— Оно правильно… Техника теперь не та, что была. Техника теперь, прямо сказать, высокой марки, — поддакнул бородатому какой-то старичок из толпы.

Перед вечером на станции собрался народ не только из станицы, но из всех соседних поселков. Пришли и старики и молодые. Казачата от стариков не отставали. У каждого болтался на кавказском наборном поясе здоровый кинжал. Все были разряжены — в праздничных черкесках, в бешметах. Хвастают перед поселковыми.

Поселковые ребята — это все сплошь дети иногородних. Есть среди нас и два казачонка: Мишка Архоник и Гаврик. Только они такие же, как и мы, — за красных стоят. Мишкин отец — деповский рабочий. Отец Гаврика — с красными ушел. Мишку и Гаврика станичники даже не считают за казачат. Да и верно, какие они казаки. Они и бешметов отроду не носили.

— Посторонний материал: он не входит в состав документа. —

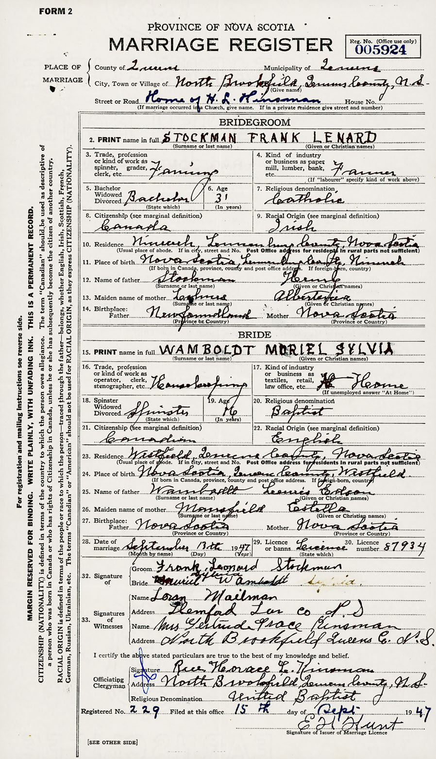 28. Date of marriage September 13 1947 29. By license or banns License 30. License number 87934

Где-то на перроне заиграла двухрядка. Казачата затянули песню:

Милый мой, пойдем домой,
Зорька занимается.
Мы туманчиком пройдем,
Никто не сдогадается.

Высоченный рыжий казак, заложив два пальца в рот, подсвистывал гармошке во всю силу. От усердия он стал потным и красным.

— Смотри, как запарился! — сказал Гаврик.

В это время к нам подошел конопатый казак в коричневой черкеске и попросил закурить. Гаврик сквозь зубы процедил:

— Нету. В лавке спроси.

— Дай закурыть! — крикнул казак, размахивая руками.

— В лавке, — повторил Гаврик.

— А я тебе говорю: дай закурыть!

— А я тебе говорю — нема, — передразнил его Гаврик.

Казак ухватил Гаврика за ворот рубахи.

— Отчепись, дурной! — крикнул Гаврик и стал вырываться.

Казак замахнулся плеткой. Но тут же к нему подскочили Андрей, Мишка Архоник и Ванька.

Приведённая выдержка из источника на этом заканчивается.